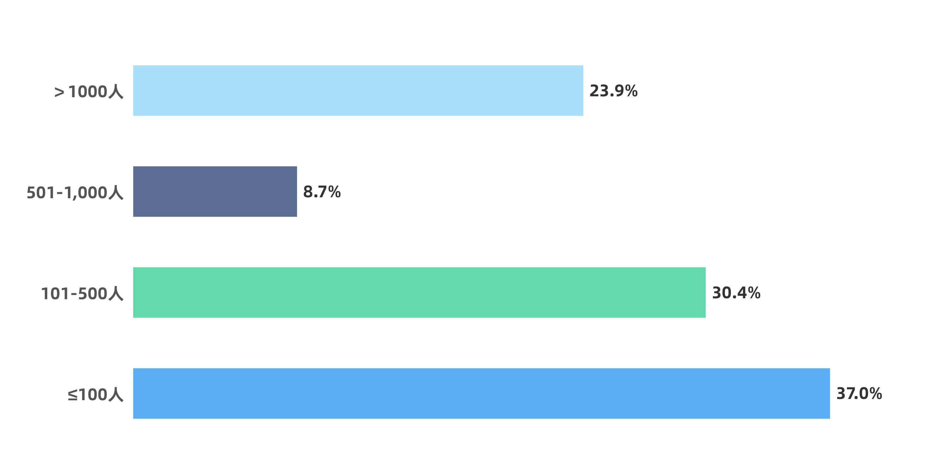 本次调研中,仅3.9%的企业当前未使用国外数据库,通过分析其企业规模情况可以发现,未使用国外数据库的企业以500人以下的中小型企业居多,在≤100人的企业与101-500人的企业分别占比为37.0%、30.4%。
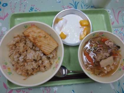 今日の献立は「ししじゅうし」「いかの香味焼き」「ワンタンスープ」「ピーチヨーグルト」「牛乳」です。
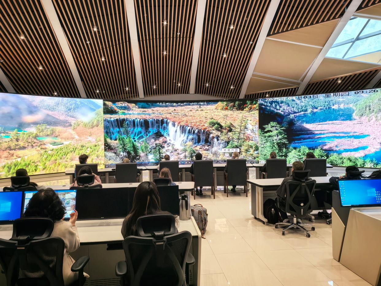 在九寨沟智慧中心和展示中心的弧形巨幕前,九寨沟独特的地质演化历史和震后生态修复历程通过技术手段生动呈现在了师生眼前。当实时监测系统显示景区实时游客量和各区域环境监测情况时,有学生感慨道:“这里的生态智慧让每个数字都有了生命温度。”
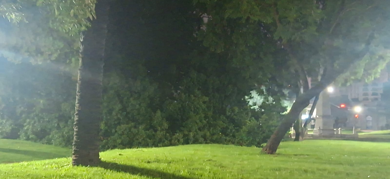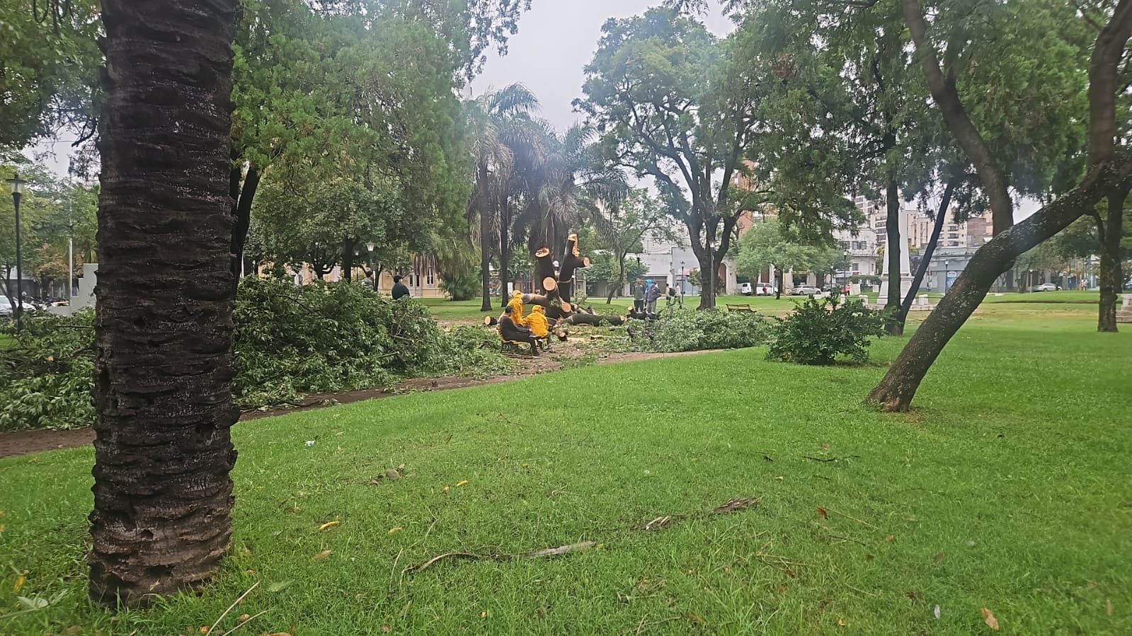Según se pudo constatar, la gran copa del árbol se desplomó sobre los bancos ubicados en el paso diagonal de la plaza, en las inmediaciones de la esquina de Hipólito Yrigoyen y San Luis, lo que provocó la obstrucción total del paso peatonal.
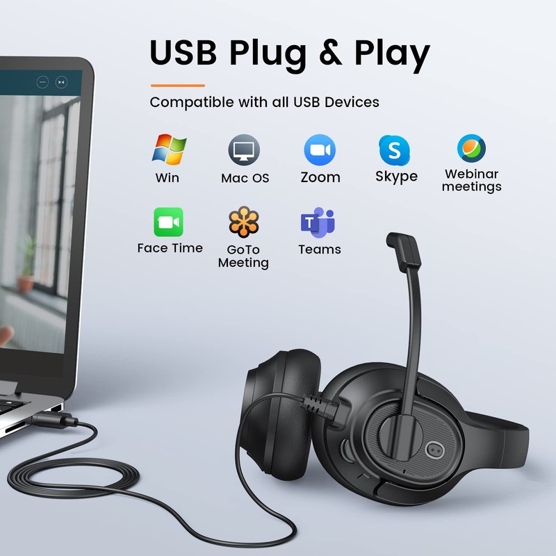 - 【USB Wide Compatibility】 You no longer have to worry about drivers or compatibility with these professional office headsets as you only need to plug them into your device's USB port to enjoy great sound and crisp audio. Our wired headset with microphone are compatible with PC, computer, laptop, Windows XP/Vista/7/8/10, Mac OS, making these the perfect headsets for call centers, office, Skype, school, online courses, Zoom, Teams, etc. (Tip: USB cable is pluggable for better control.)
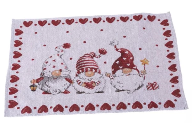 Elegantní textilní prostírání s vánočním motivem skřítků v červeno-bílém provedení skvěle ozdobí a ochrání Váš jídelní stůl a doladí sváteční atmosféru. Rozměr 48×33 cm.
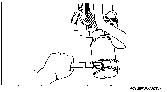 4. Install the oil filter until the O-ring contacts the sealing surface.
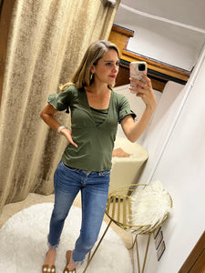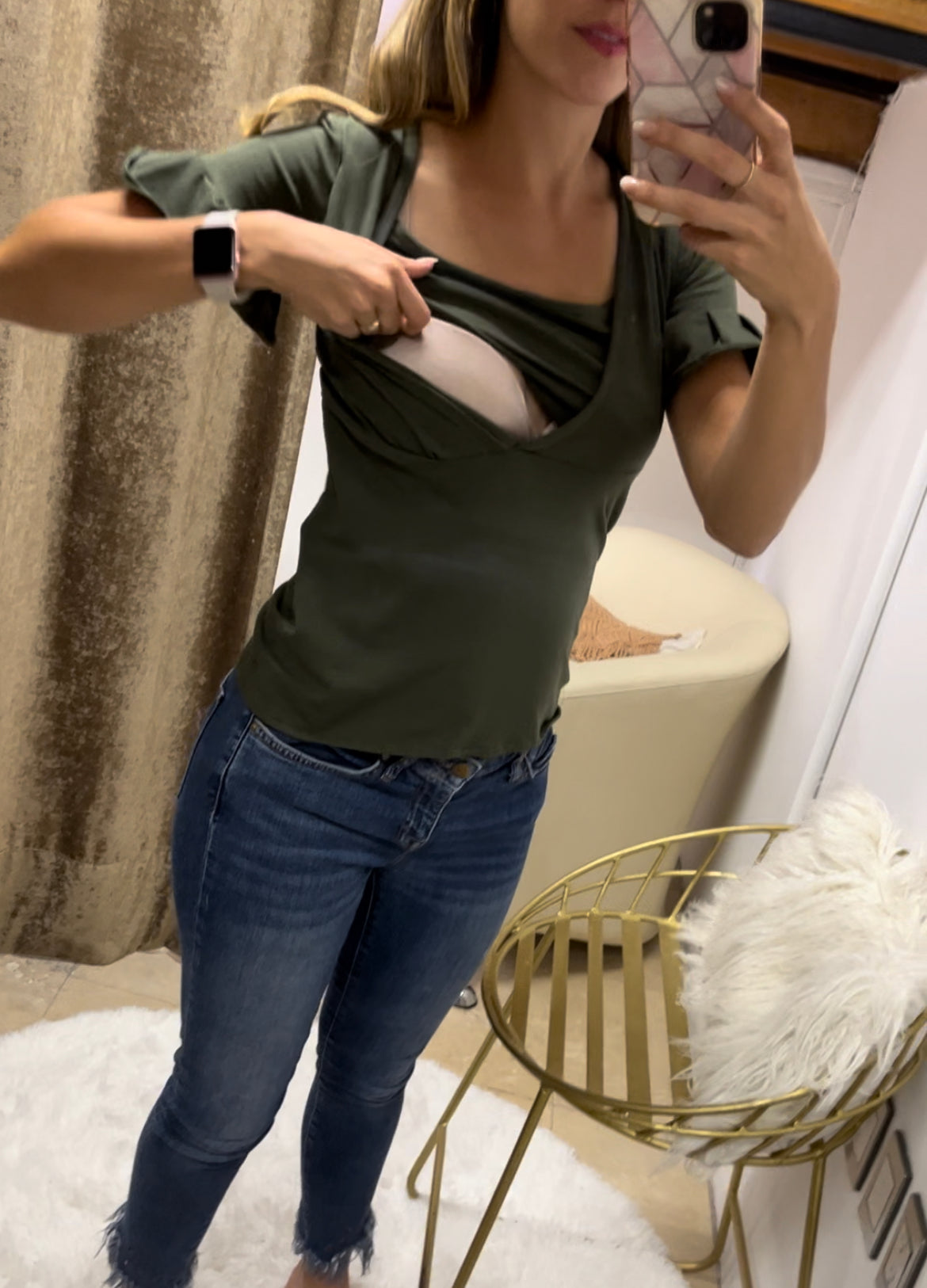 Blusa discreta manga corta elaborada en tela ligera y fresca, cuenta con dos aberturas a los costados en la zona del pecho para mover la tela fácilmente y amamantar a tu bebe.
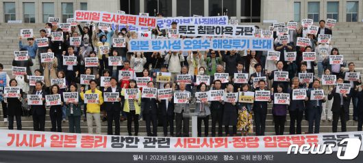 (서울=뉴스1) 송원영 기자 = 4일 오전 서울 여의도 국회 본청 앞 계단에서 더불어민주당, 정의당, 진보당 주최로 '기시다 일본 총리 방한 관련 시민사회 및 정당 입장발표 공동 기자회견'이 열리고 있다. 이날 기자회견에서 참석자들은 일본 식민지배 역사왜곡과 독도 영유권 주장을 중단 및 일제 강제동원과 일본군성노예제 사죄배상을 촉구했다. 또 참석자들은 일본 후쿠시마 방사성 오염수 해양투기 반대와 일본의 재무장 중단을 촉구했다. 2023.5.4/뉴스1

------------------------

Goal of the exercise: Restate every line of the data above word for word, with the images removed.

Written reply:
 本次调研中,仅3.9%的企业当前未使用国外数据库,通过分析其企业规模情况可以发现,未使用国外数据库的企业以500人以下的中小型企业居多,在≤100人的企业与101-500人的企业分别占比为37.0%、30.4%。
 今日の献立は「ししじゅうし」「いかの香味焼き」「ワンタンスープ」「ピーチヨーグルト」「牛乳」です。
 在九寨沟智慧中心和展示中心的弧形巨幕前,九寨沟独特的地质演化历史和震后生态修复历程通过技术手段生动呈现在了师生眼前。当实时监测系统显示景区实时游客量和各区域环境监测情况时,有学生感慨道:“这里的生态智慧让每个数字都有了生命温度。”
Según se pudo constatar, la gran copa del árbol se desplomó sobre los bancos ubicados en el paso diagonal de la plaza, en las inmediaciones de la esquina de Hipólito Yrigoyen y San Luis, lo que provocó la obstrucción total del paso peatonal.
 - 【USB Wide Compatibility】 You no longer have to worry about drivers or compatibility with these professional office headsets as you only need to plug them into your device's USB port to enjoy great sound and crisp audio. Our wired headset with microphone are compatible with PC, computer, laptop, Windows XP/Vista/7/8/10, Mac OS, making these the perfect headsets for call centers, office, Skype, school, online courses, Zoom, Teams, etc. (Tip: USB cable is pluggable for better control.)
 Elegantní textilní prostírání s vánočním motivem skřítků v červeno-bílém provedení skvěle ozdobí a ochrání Váš jídelní stůl a doladí sváteční atmosféru. Rozměr 48×33 cm.
 4. Install the oil filter until the O-ring contacts the sealing surface.
 Blusa discreta manga corta elaborada en tela ligera y fresca, cuenta con dos aberturas a los costados en la zona del pecho para mover la tela fácilmente y amamantar a tu bebe.
 (서울=뉴스1) 송원영 기자 = 4일 오전 서울 여의도 국회 본청 앞 계단에서 더불어민주당, 정의당, 진보당 주최로 '기시다 일본 총리 방한 관련 시민사회 및 정당 입장발표 공동 기자회견'이 열리고 있다. 이날 기자회견에서 참석자들은 일본 식민지배 역사왜곡과 독도 영유권 주장을 중단 및 일제 강제동원과 일본군성노예제 사죄배상을 촉구했다. 또 참석자들은 일본 후쿠시마 방사성 오염수 해양투기 반대와 일본의 재무장 중단을 촉구했다. 2023.5.4/뉴스1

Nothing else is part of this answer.